– А что ж, Федор Иванович, сколько раз я принимался за капитальную работу всей своей жизни, а все недосуг… День за днем замысел книги все четче и четче обрисовывался. С каждым днем я все больше убеждался, что тот, кто способен осмыслить наше время, не может быть чем-нибудь другим, кроме как анархистом и пессимистом по всем, по всем частям, а вовсе не по одной политической. По всем, по всем! Вот ведь как я определил замысел своего «Разгрома», но выйдет ли что-нибудь путное из всех моих ожиданий и надежд? И успею ли? Столько накопилось материала о времени, о друзьях-соратниках, о себе… Да и время какое-то шальное, ни минуты покоя на службе. Целые толпы посетителей приходят ко мне, раньше больше оставалось времени на чтение, а теперь все идут по разным делам, по разным вопросам, и каждому надо отвечать, разъяснять, указывать, наставлять, советовать, и с каждым надобно поговорить, хоть обрывочно, о текущих ужасах и событиях. И все чаще вспоминаешь лето, день рождения Ильи Репина, 24 июля, когда он за час нарисовал мой портрет, а через пять дней, 29 июля, отмечали день рождения, 42 года нашему Орлу Константиновичу Глазуну, это было нечто совершенно другое… Музыка, музыка, музыка самого новорожденного и до обеда и после обеда, я заставил его сыграть всю его новую, Восьмую, симфонию… Как это было чудесно, великолепно! А сегодня порадует меня своим пением чудесный Федор Иванович..

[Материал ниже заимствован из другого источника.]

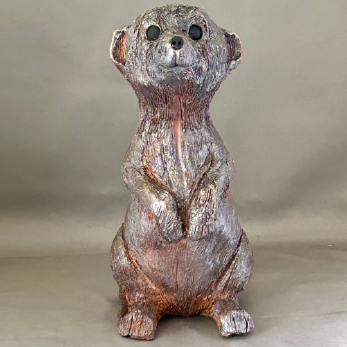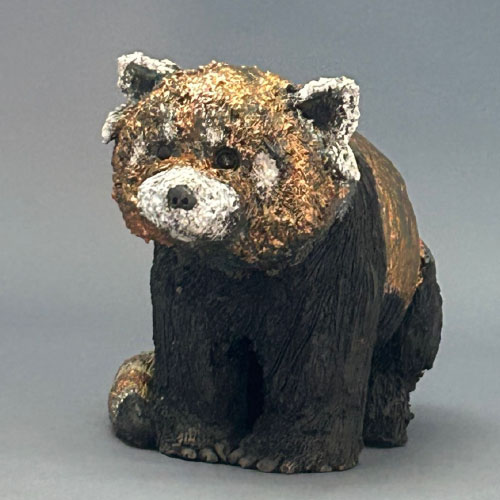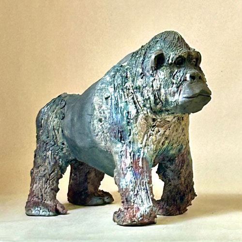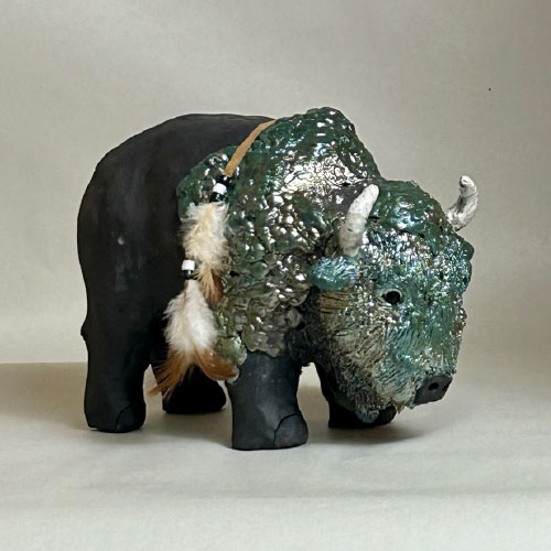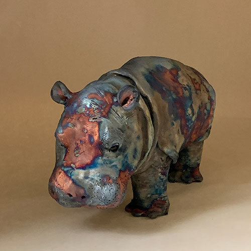 I start my sculpted animals with a block of clay and an idea of size and proportion. No molds are used. The animals are then air dried, bisque fired, glazed (for raku firing), and then raku or soda/wood fired. With the vast number of variables no animals are ever the same.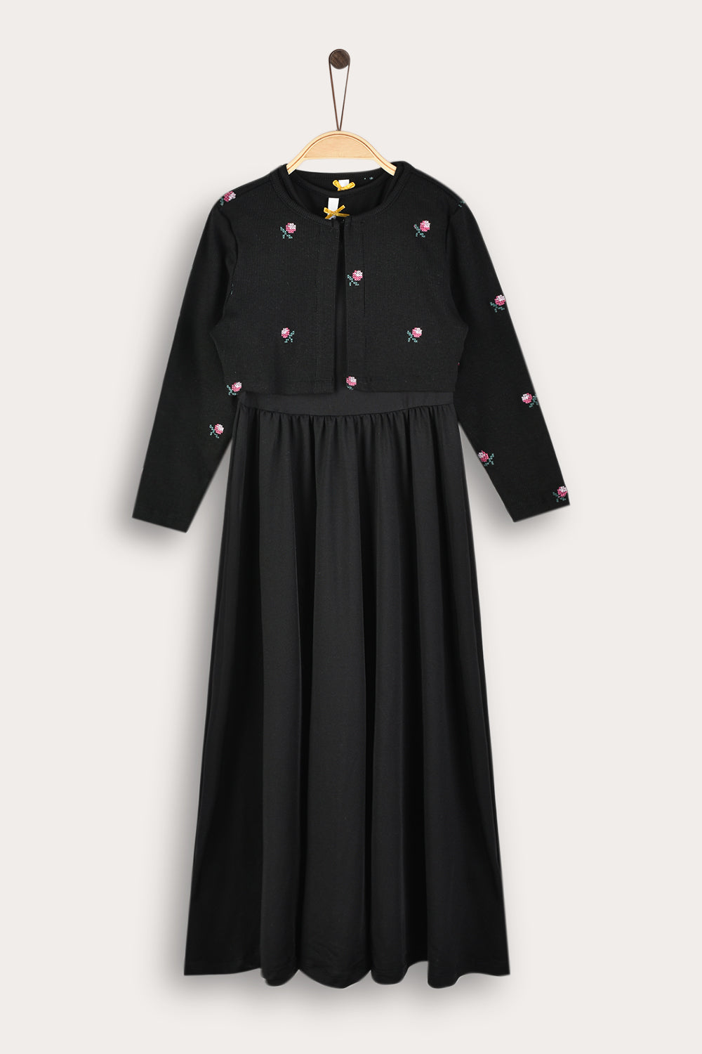 חלוק פרחוני בשילוב קרדיגן - שחור

– Владимир Васильевич! У меня к вам просьба… Очень просила пригласить на нынешний концерт одна моя поклонница. Я ей пообещал испросить ваше разрешение. Через полчаса я ее должен встретить.
Владимир Васильевич бросил мимолетный взгляд на чуточку смущенного Шаляпина и понимающе улыбнулся.
– Конечно, Федор Иванович, я уже что-то слышал о вашей поклоннице, интересно на нее посмотреть… И вообще я смотрю на поклонниц таких знаменитых людей, как вы, Федор Иванович, с пониманием, им очень хочется быть рядом с такими… Многие со временем сожалеют о своих брачных узах…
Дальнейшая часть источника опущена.